Stored records
______________________________

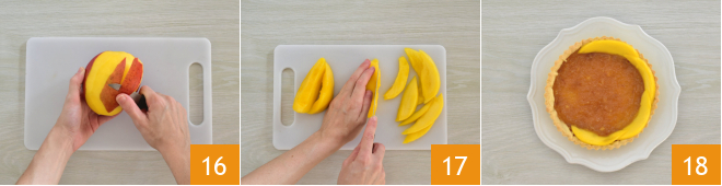 Peel the mango 16 and cut into thin slices 17. Arrange them inside the tart, starting from the outside 18,
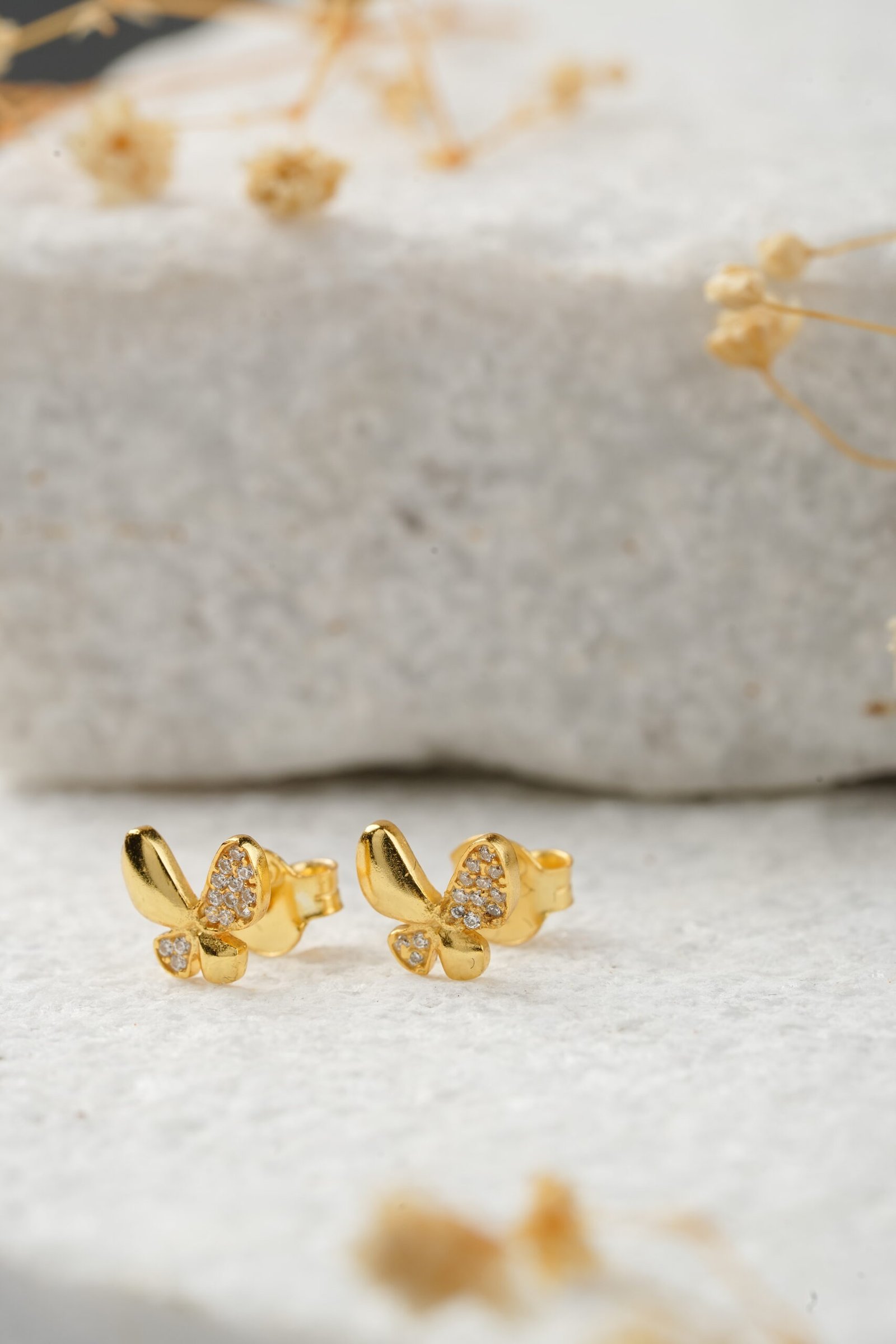 These petite butterfly studs feature a fluid, polished design, with the upper wings adorned with pave-set cubic zirconia (CZ).
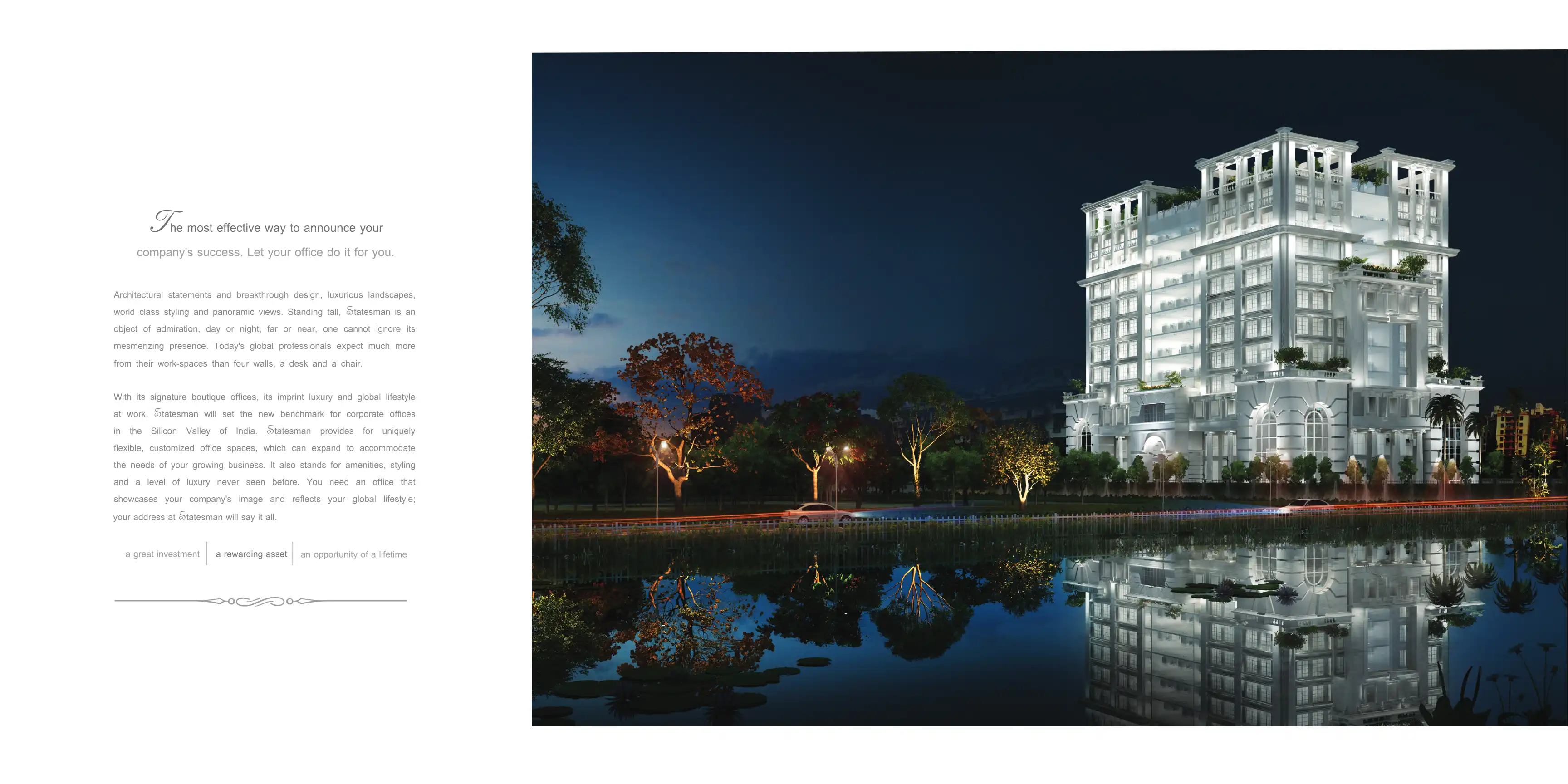 Statesman, truly a world-class development, bringing together the grandeur and majesty of the old-world with a contemporary new-world feel. Lavishly conceived, with luxury reflected in every facet of its iconic design, so as to create in its true sen...
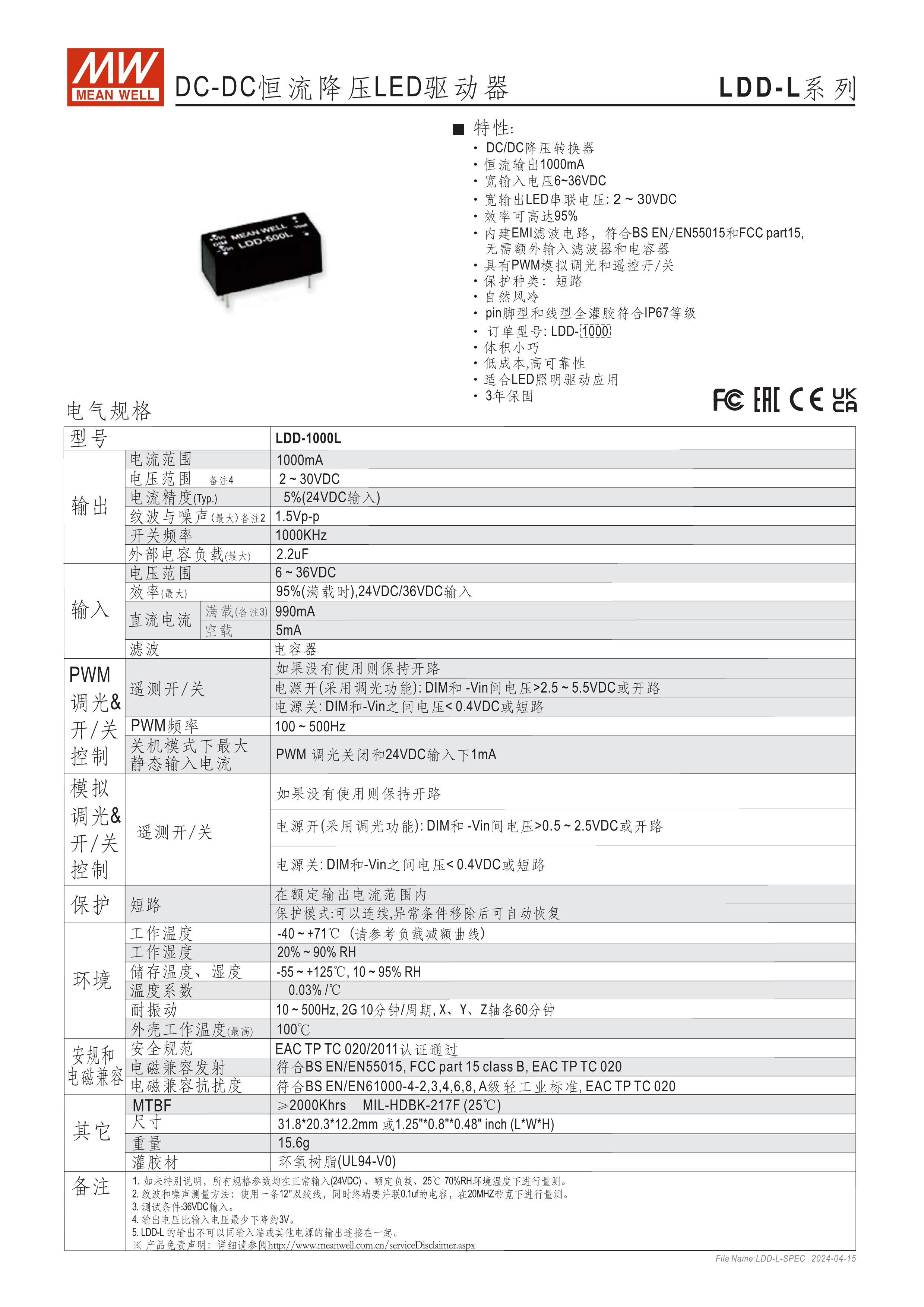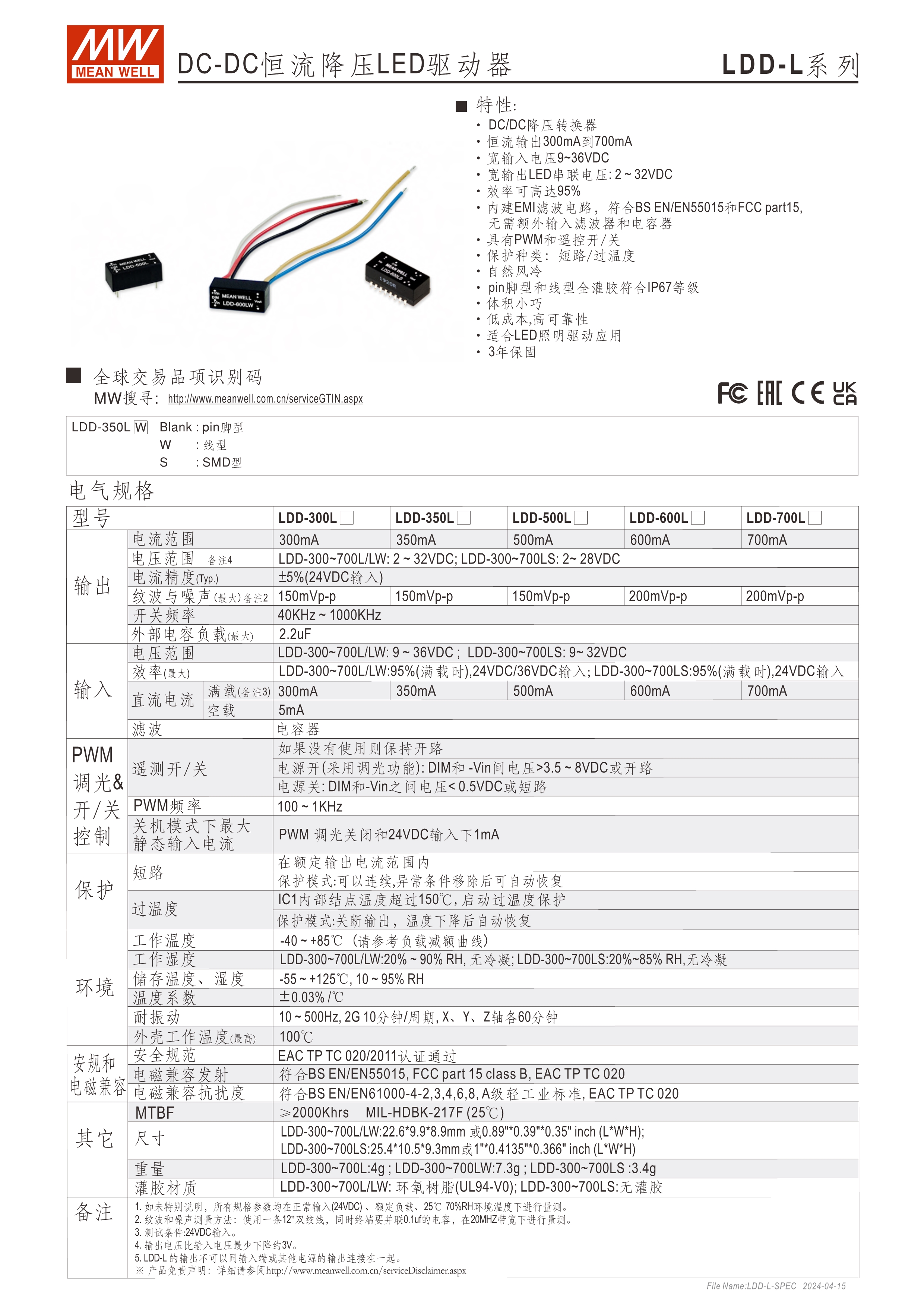 DC/DC降壓式恒流輸出LED驅(qū)動(dòng)器 最高達(dá)97%超高效率 內(nèi)建PWM+模擬調(diào)光功能及開/關(guān)遙控功能 IP67防護(hù)等級(jí) 3年保固 具備插pin及出線兩種型式
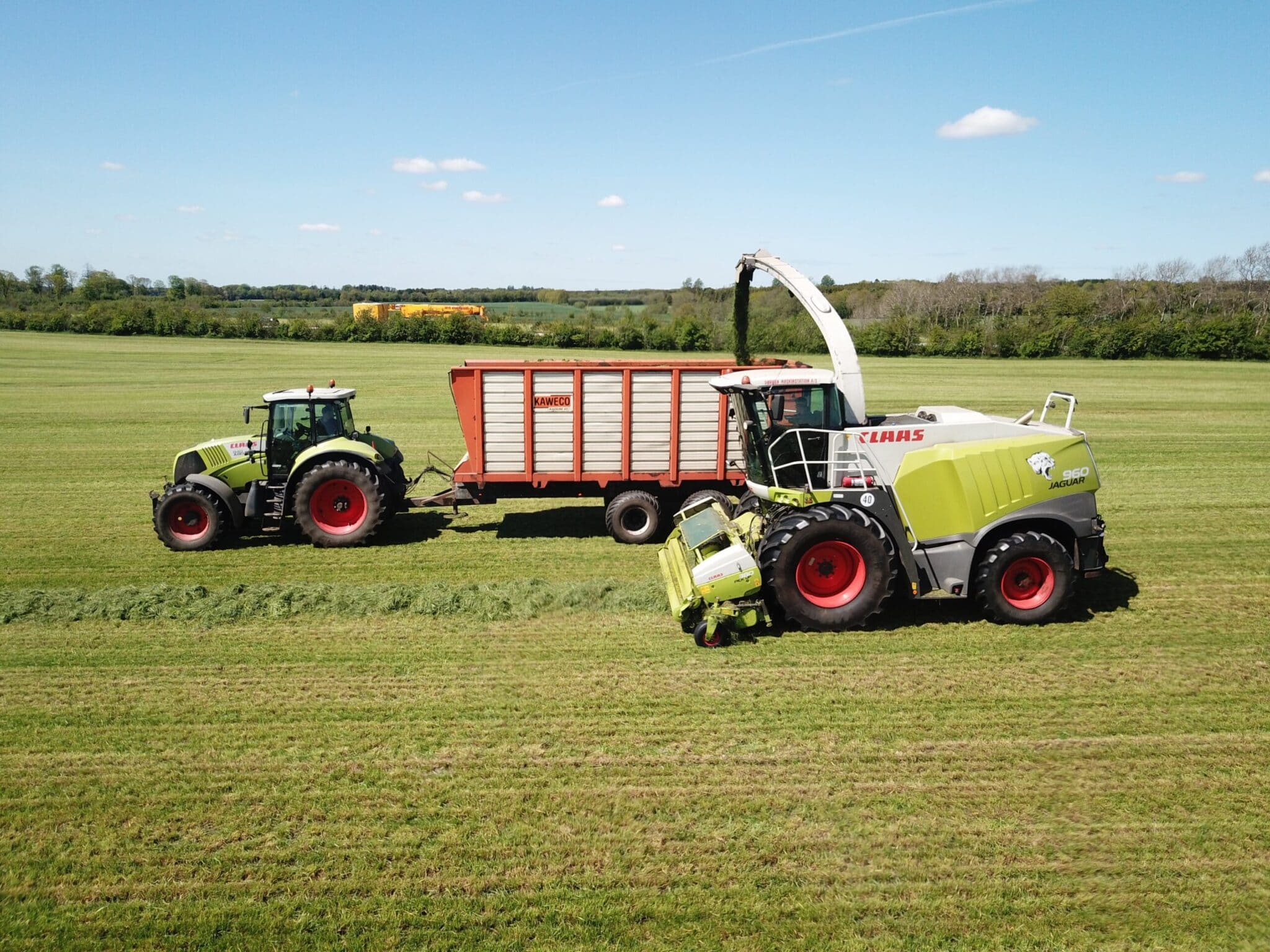- Finsnitning udføres med Claas Jaguar 960 med 3.8 m. pick-up, 14 fod helsædskærebord og 10-rækket majsbord.
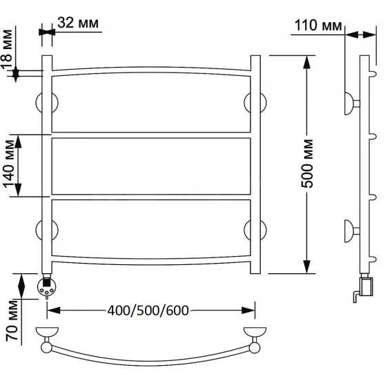 Полотенцесушитель электрический 570x632 ТЭН левый Secado Милан 1 4603777462543
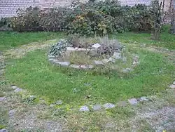 Lage des neuen Schulgartens zwischen der Ortrander Straße 5 und 6 Die Anlage besteht aus einem Kräuterbeet mit Kräuterspirale, das durch einen gewundenen Weg mit einem Heidegarten und Grillplatz / Sitzecke verbunden war. Eine Garagenwand im Westen wird durch eine Beerenhecke abgeschirmt. Mit angelegt wurde ein Volleyballplatz.
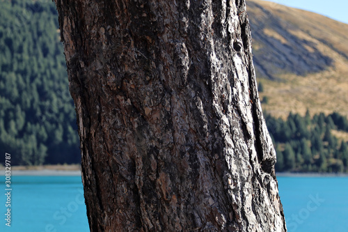 © Alberto, Fototapeta premium Close up of a tree trunk with a lake background
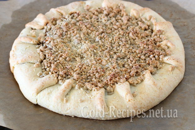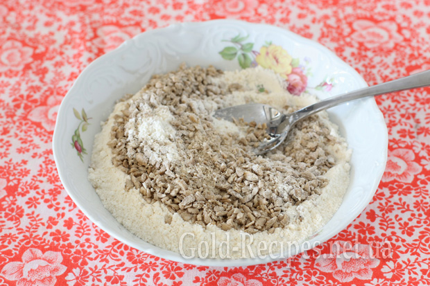 Далі штрейзель доповнюється будь-якими подрібненими горіхами або насінням (у моєму випадку – насінням соняшнику).

______________________________

> [How to complete this task]:
From the line containing "IP67防護(hù)等級(jí) 3年保固 具備插pin及出線兩種型式" to the last line of the records above, return each line exactly, both ends included, and nothing more. Leave out the pictures.

> [Exercise answer]:
 DC/DC降壓式恒流輸出LED驅(qū)動(dòng)器 最高達(dá)97%超高效率 內(nèi)建PWM+模擬調(diào)光功能及開/關(guān)遙控功能 IP67防護(hù)等級(jí) 3年保固 具備插pin及出線兩種型式
- Finsnitning udføres med Claas Jaguar 960 med 3.8 m. pick-up, 14 fod helsædskærebord og 10-rækket majsbord.
 Полотенцесушитель электрический 570x632 ТЭН левый Secado Милан 1 4603777462543
 Lage des neuen Schulgartens zwischen der Ortrander Straße 5 und 6 Die Anlage besteht aus einem Kräuterbeet mit Kräuterspirale, das durch einen gewundenen Weg mit einem Heidegarten und Grillplatz / Sitzecke verbunden war. Eine Garagenwand im Westen wird durch eine Beerenhecke abgeschirmt. Mit angelegt wurde ein Volleyballplatz.
 © Alberto, Fototapeta premium Close up of a tree trunk with a lake background
 Далі штрейзель доповнюється будь-якими подрібненими горіхами або насінням (у моєму випадку – насінням соняшнику).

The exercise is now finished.